Segment Start: PROVIDED DATA

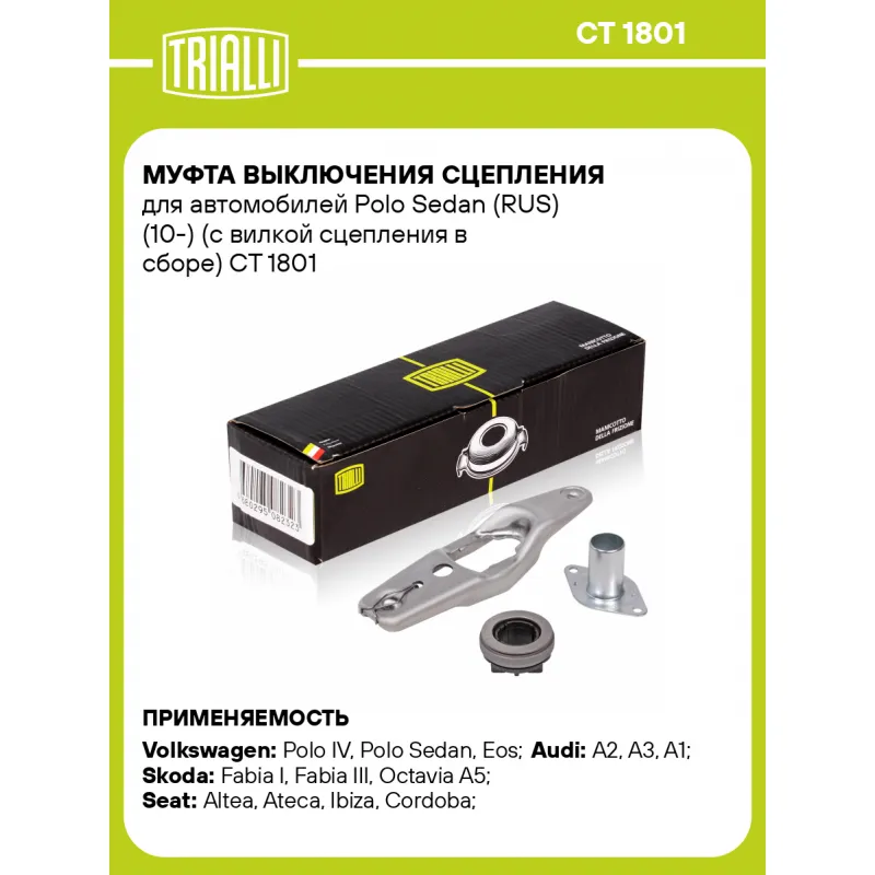 Муфта выключения сцепления для автомобилей Polo Sedan (RUS) (10-) (с вилкой сцепления в сборе) Характеристики: Артикул: CT 1801 OEM номера: 02T 141 153 G, 02T 141 153 F, 02T 141 153 E, 02T 141 153 N, 02T 141 153 P, 02T 141 153 H, 02T 141 153 R, 02T 141 153 Q Тип привода: механический Количество на автомобиль: 1 Сопутствующие товары:: комплекты сцеплений Сопутствующий товар: Комплекты сцепления: FR 1814 Гарантийный срок: 1 год/30 000 км Товарная линейка: BLACK Подходит для авто: Volkswagen Polo IV (01-), Polo Sedan (RUS) (10-), Eos (06-), Golf VI (08-), Golf Plus (05-), Golf Plus (09-), Jetta (05-), Jetta (11-), Beetle (98-), Scirocco (08-), Polo IV (01-), Polo V (09-), Bora (99-), Caddy (04-), Eos (06-), Golf V (03-), Golf VI (08-), Golf VII (12-), Jetta (05-), Passat B6 (05-), Passat B8 (15-), Passat B7 (10-), Touran (03-), Touran III (15-) Audi A2 (99-), A3 (07-), A3 (12-), A1 (10-), A3 (03-) Skoda Fabia I (99-), Fabia III (14-), Octavia A5 (04-), Rapid (12-), Roomster (06-), Superb II (08-), Yeti (09-), Fabia I (99-), Fabia II (07-), Karoq (17-), Octavia A5 (04-), Octavia A7 (13-), Rapid (12-), Roomster (06-), Yeti (09-) Seat Altea (04-), Altea (07-), Ateca (16-), Ibiza (00-), Ibiza (00-), Cordoba (00-), Cordoba (00-), Leon (12-) Для проверки применяемости отправьте VIN автомобиля через вкладку "Есть вопросы о товаре?" Комплектация: Муфта выключения сцепления в сборе - 1 шт Вилка выключения сцепления - 1 шт Втулка направляющая - 1 шт Гарантия: от 1 года.
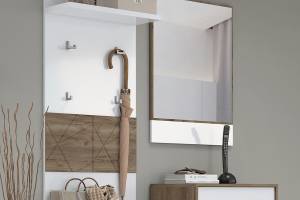 - suportul oglinzii este cu decor stejar Tobacco si alb lucios
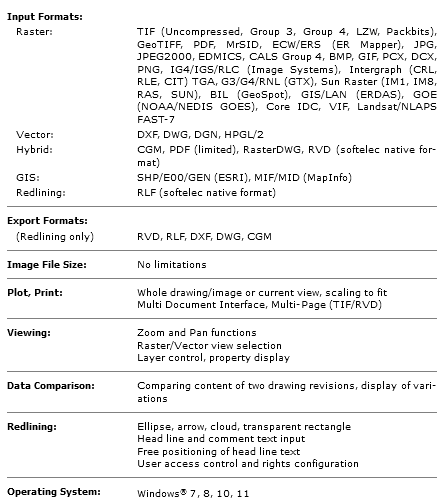 Many supported file formats, like almost any raster files (b/w, gray scale, color), vector (DWG, DXF, DGN), GIS (ESRI/MapInfo), hybrid files like RasterDWG, RVD or others can be previewed and loaded in a blink. Comfortable and fast zoom and pan functions allow for detailed inspection. If redlining is activated, all accessible redlining information will be displayed.
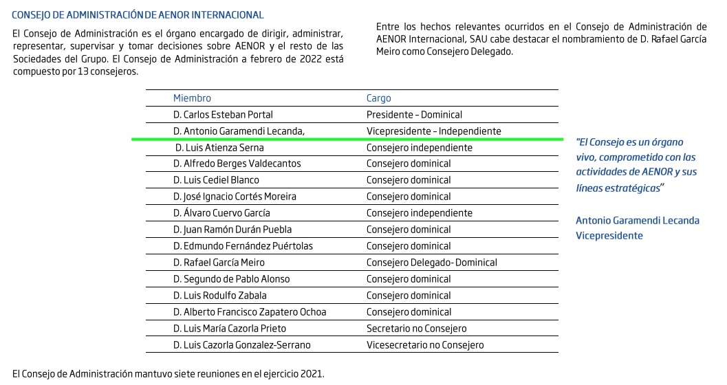 - Consejero de Red Eléctrica de España Presidente de la comisión de Gobierno Corporativo y RSC.

Segment End: PROVIDED DATA

* [ACTION ITEM]: Nothing but the lines from the one that contains "Many supported file" through the end of the material above is to be reproduced, exactly and without pictures.

* [TASK ANSWER]:
 Many supported file formats, like almost any raster files (b/w, gray scale, color), vector (DWG, DXF, DGN), GIS (ESRI/MapInfo), hybrid files like RasterDWG, RVD or others can be previewed and loaded in a blink. Comfortable and fast zoom and pan functions allow for detailed inspection. If redlining is activated, all accessible redlining information will be displayed.
 - Consejero de Red Eléctrica de España Presidente de la comisión de Gobierno Corporativo y RSC.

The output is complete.